Ever wondered why Koreans speak "bad English"?
Why it's so hard to learn Korean?
Why it's so hard to have "normal" conversations with Koreans?
Why it's so hard to fit in with Korean culture and society?
We don't claim to have the perfect answer to these questions, just a few hints that we hope will clarify the situation.
If you have questions, comments or suggestions, we'd be happy to hear from you. Email us at raphael.hadid [at] gmail [dot] com

How "smart" people speak and behave in Korea

Let me start this post with a personal story. I entered graduate school in Korea 4 years ago. It was an international school and the curriculum was in English. I had attended college in France and was accustomed to a certain way of "smart" or let's say "wise" discussion.

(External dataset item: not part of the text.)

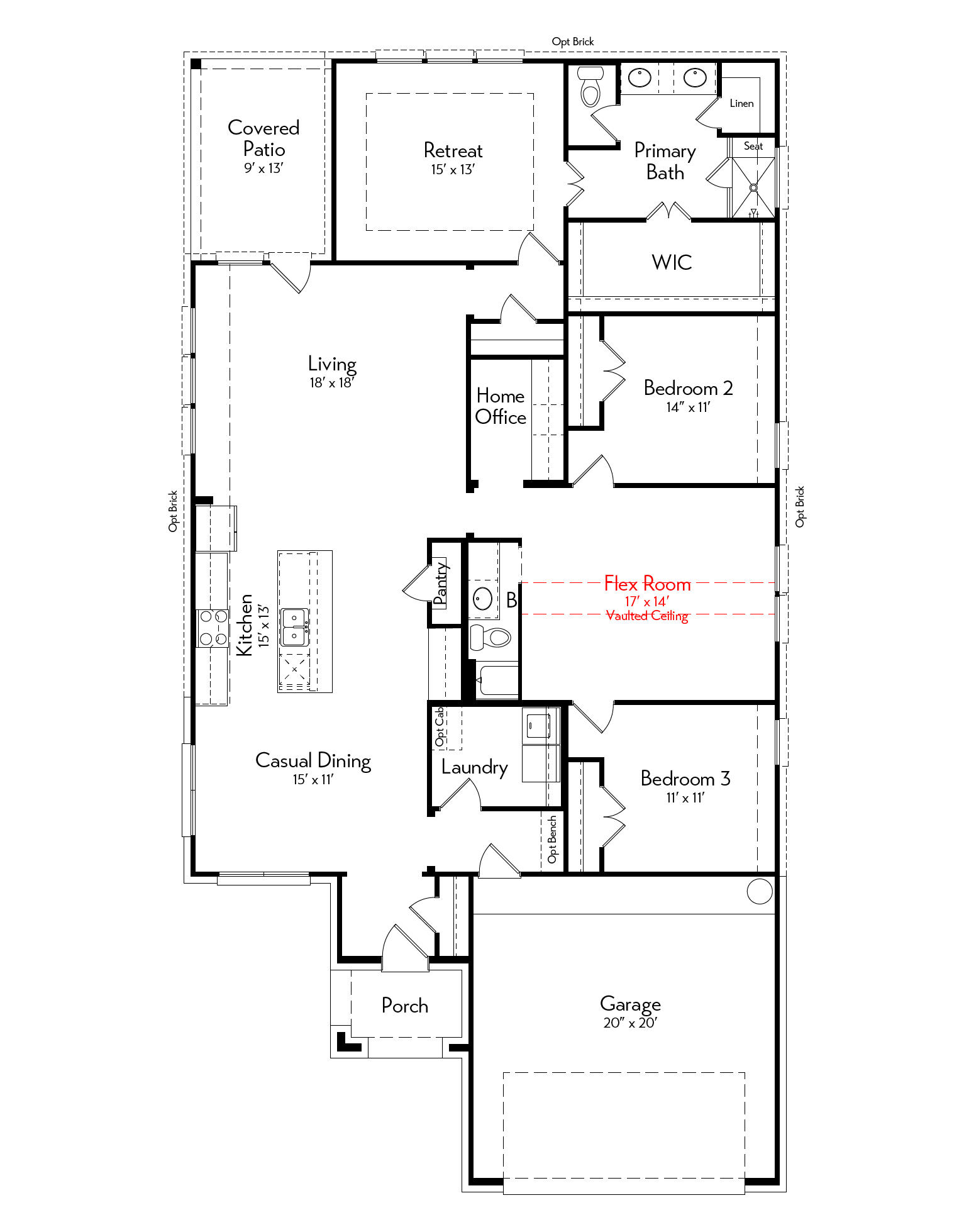 A one-story home that lives large. The Cypress features 3 bedrooms, 2 baths, and a flexible room for whatever your lifestyle needs — home office, playroom, or hobby space. The kitchen offers plenty of cabinet and counter space plus a walk-in pantry, and the vaulted ceiling in the primary suite adds an open, airy feel. Enjoy the extended foyer with a tray ceiling, a convenient mudroom, and a spacious laundry room. Step out back to your covered patio, perfect for weekend cookouts.

As I said in my previous post, in France, the more facts one knows, the smarter he is. So I was sitting there taking my first class, and the professor asks us something about democracy. I raise my hand and start blurting out the raw historical facts I knew about democracy, from Plato's criticism of Greek democracy to a democratically elected Adolf Hitler and so on. Professor stops me and redirects the discussion, and I looked like an idiot.

Anyway, knowledge of historical facts do not make look one smart in Korea and are considered useless. So how should I have answered the question?

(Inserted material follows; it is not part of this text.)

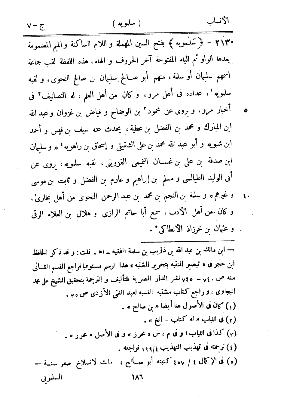 [ () ] ابن مالك بن عبد الله بن ذؤيب بن سلمة الفقيه- أهـ. قلت: وقد ذكر الحافظ ابن حجر في «تبصير المنتبه بتحرير المشتبه» هذا الرسم مستوعبا فراجع القسم الثاني منه ص 740- 745 نشر الدار المصرية للتأليف والترجمة بتحقيق الشيخ على محمد البجاوي، وراجع كتاب مشتبه النسبة لعبد الغنى الأزدي ص 35.

In fact, content of the answer is not what makes look someone "smart" in South Korea. Koreans don't care about how much people know about the world, they care about how people say it.

First, diction and pronunciation are key when addressing a Korean public. President Kim Young Sam was called an "idiot" by many including the press, for the mere reason that he could not get rid of his Kyeongsan accent. His catch word was his pronunciation of the word "확실히" (certainly) which he pronounced "학실히". And I'm going to stop there with facts. The point is accent, diction and pronunciation have an enormous impact on how Koreans evaluate each other. People who use standard pronunciation, the kind of pronunciation prescribed by the National Institute of Korean Language, are viewed as "smart" people.

Another determining factor in how Korean people view each other as smart is the choice of words. Exact use of complicated words derived from English or old Chinese (hanja) are an excellent way to give a good impression at a job interview or a social gathering in which academic or economic stakes are high. This is why, by the way, when Korean people speak English they tend to prefer using all those words we only come through while studying for exams like the GRE and no one actually uses.

A third, very important factor on how Koreans consider someone "intelligent" is the proper use of grammar, honorifics in particular. The use of Korean grammar is different when talking to friends and in formal occasions. 이랑 is replaced by 과, 께서 has very precise uses, 요 and 입니다 have "should" be used alternatively and have very precise rules as to when they should be used, rules that no school actually teaches, and many other rules.

Interventions should be concise and informative at the same time, but most importantly, group harmony should be maintained, meaning that it is a taboo to mention facts people might not know during discussions. In a way, Koreans make sure that people have previous knowledge of what is being said. I noticed that when Koreans argue about a subject in particular, they use the 잖아 inflection (meaning "as you know") more than at any other time, to make sure that their "opponent" knows what they are talking about. If new facts are to be taught, they should be done conventionally: through books, lectures, television but not during discussions.

Finally, body language should be reduced to a minimum, Korean people don't value people who move and gesticulate when they are trying to make a point. Korean prefer the tone of the voice to be kept low.

During my class intervention, I committed three social blunders: I was laid back and used rather colloquial English, gesticulating, and giving out information people were not always aware of. Foreign students have a harder time when trying to discuss their thesis content or paper content with their professors: professors will often tell them to write the thesis or paper first before discussing the contents, rather than hear their students telling them things they may not know. Some consider it is a sign of lack of quality in education, but I personally argue that it is purely cultural.